── DATASET EXCERPTS

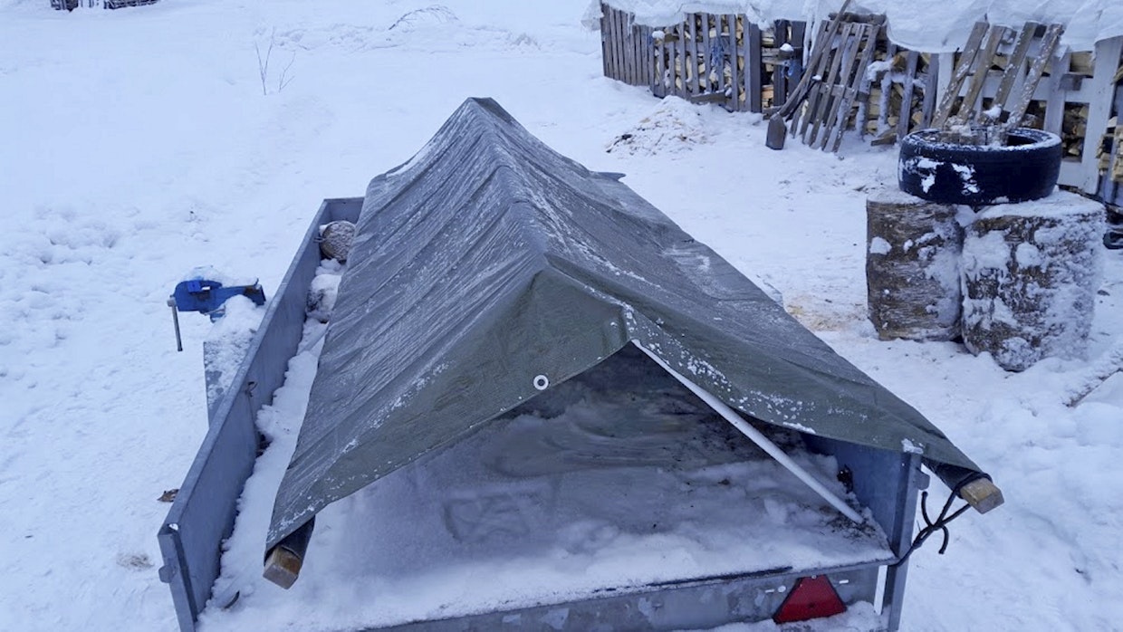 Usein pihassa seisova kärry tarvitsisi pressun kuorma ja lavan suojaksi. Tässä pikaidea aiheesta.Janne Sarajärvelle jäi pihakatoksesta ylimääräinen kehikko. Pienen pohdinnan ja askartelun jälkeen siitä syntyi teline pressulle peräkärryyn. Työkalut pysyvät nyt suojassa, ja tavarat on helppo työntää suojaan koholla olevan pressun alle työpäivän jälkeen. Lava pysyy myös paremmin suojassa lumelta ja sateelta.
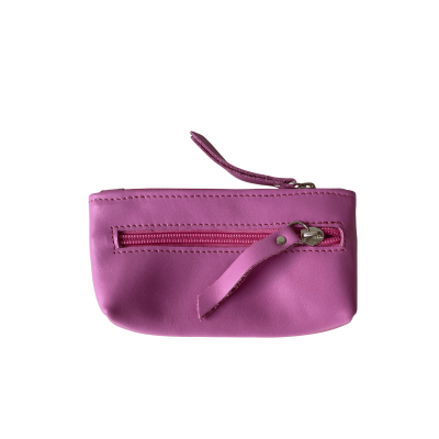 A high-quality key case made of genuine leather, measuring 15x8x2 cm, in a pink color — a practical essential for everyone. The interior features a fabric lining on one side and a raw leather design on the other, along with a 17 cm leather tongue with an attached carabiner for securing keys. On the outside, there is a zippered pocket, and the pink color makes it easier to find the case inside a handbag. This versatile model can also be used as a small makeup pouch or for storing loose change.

────
── DATASET EXCERPTS

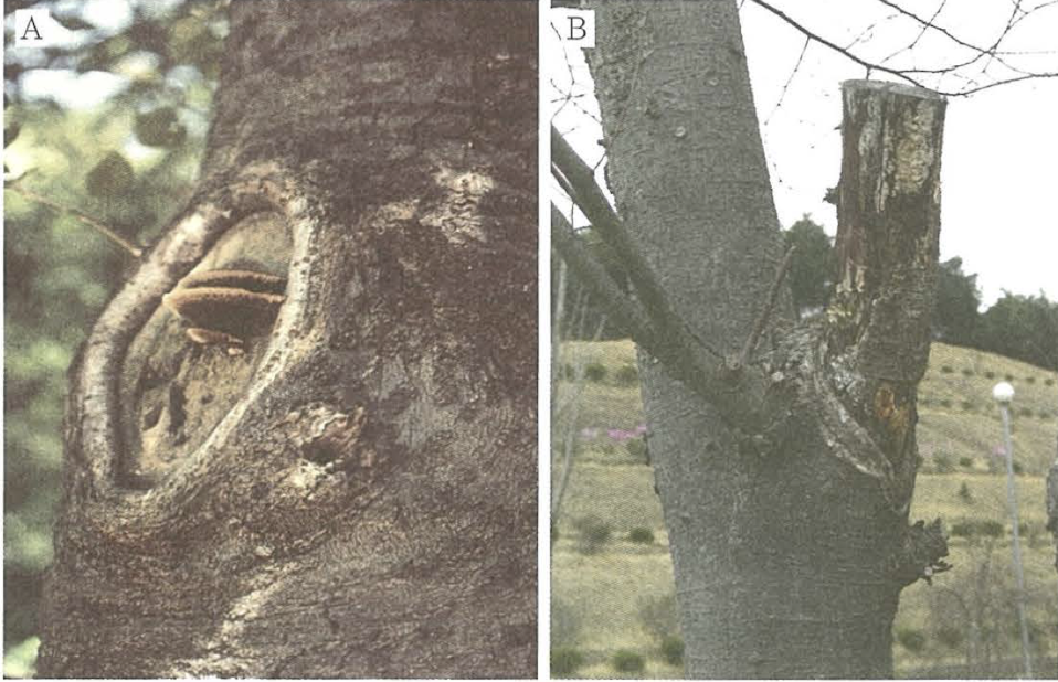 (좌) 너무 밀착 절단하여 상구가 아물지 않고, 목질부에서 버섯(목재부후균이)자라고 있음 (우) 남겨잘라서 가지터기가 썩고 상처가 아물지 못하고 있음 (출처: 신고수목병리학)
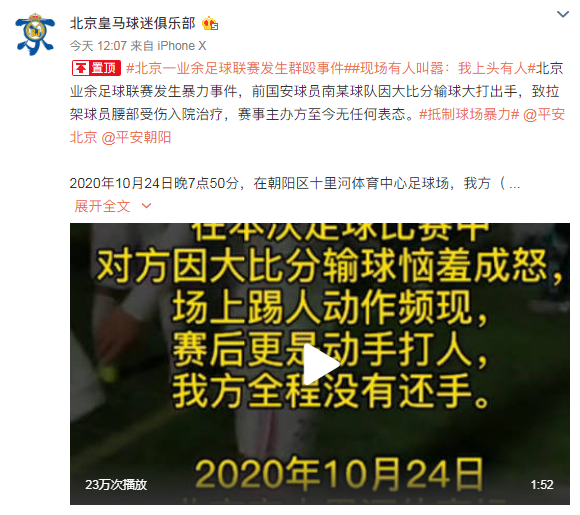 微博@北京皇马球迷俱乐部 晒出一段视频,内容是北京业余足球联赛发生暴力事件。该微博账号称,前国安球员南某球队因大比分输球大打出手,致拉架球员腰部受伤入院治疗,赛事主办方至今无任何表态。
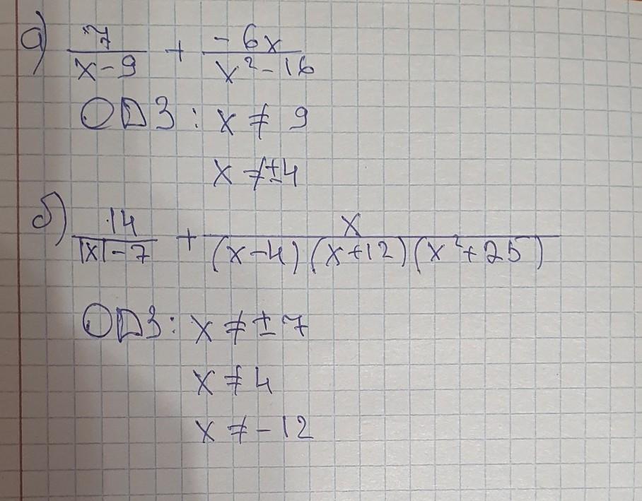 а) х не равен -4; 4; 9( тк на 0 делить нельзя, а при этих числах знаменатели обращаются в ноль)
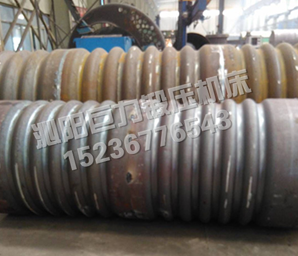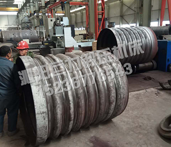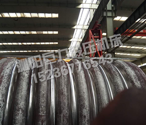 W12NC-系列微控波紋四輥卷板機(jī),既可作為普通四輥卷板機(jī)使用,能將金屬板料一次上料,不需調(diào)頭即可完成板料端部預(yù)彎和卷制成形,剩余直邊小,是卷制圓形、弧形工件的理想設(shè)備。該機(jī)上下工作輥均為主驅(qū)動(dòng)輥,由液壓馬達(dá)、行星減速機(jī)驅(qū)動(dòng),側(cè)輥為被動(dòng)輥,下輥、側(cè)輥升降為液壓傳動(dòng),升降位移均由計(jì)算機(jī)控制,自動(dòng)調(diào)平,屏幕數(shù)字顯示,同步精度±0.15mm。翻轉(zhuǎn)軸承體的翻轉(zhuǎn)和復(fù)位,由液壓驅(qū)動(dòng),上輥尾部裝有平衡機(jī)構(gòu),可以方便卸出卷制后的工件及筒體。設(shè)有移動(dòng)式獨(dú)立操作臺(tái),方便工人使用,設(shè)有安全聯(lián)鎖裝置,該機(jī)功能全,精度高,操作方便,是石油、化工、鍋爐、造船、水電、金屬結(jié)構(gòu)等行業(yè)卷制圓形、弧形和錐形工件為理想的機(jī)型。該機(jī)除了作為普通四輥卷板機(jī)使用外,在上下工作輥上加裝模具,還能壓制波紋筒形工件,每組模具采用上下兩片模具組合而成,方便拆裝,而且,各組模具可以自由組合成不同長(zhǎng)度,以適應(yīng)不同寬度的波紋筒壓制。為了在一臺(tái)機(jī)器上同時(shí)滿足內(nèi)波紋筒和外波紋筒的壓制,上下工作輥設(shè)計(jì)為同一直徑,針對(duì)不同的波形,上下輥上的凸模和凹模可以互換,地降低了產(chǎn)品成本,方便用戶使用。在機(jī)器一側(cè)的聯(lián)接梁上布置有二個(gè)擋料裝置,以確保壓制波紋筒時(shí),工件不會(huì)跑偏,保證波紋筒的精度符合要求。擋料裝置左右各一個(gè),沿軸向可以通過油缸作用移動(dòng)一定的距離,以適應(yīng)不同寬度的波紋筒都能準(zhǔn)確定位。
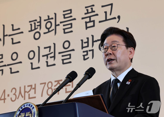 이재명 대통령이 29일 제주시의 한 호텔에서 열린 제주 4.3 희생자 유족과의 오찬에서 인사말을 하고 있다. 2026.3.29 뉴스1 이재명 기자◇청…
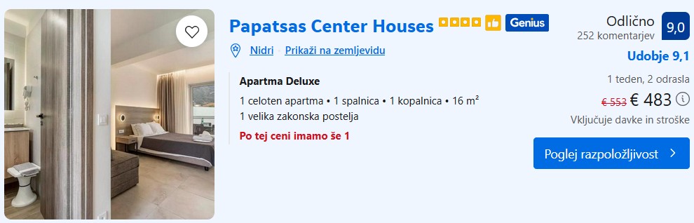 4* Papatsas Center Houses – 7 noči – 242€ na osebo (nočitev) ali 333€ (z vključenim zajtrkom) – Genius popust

────

- PROBLEM -
An exact copy is needed. It runs from the line above containing "微博@北京皇马球迷俱乐部 晒" down to the line containing "а) х не равен", both included, with no pictures.

- WRITTEN SOLUTION -
 微博@北京皇马球迷俱乐部 晒出一段视频,内容是北京业余足球联赛发生暴力事件。该微博账号称,前国安球员南某球队因大比分输球大打出手,致拉架球员腰部受伤入院治疗,赛事主办方至今无任何表态。
 а) х не равен -4; 4; 9( тк на 0 делить нельзя, а при этих числах знаменатели обращаются в ноль)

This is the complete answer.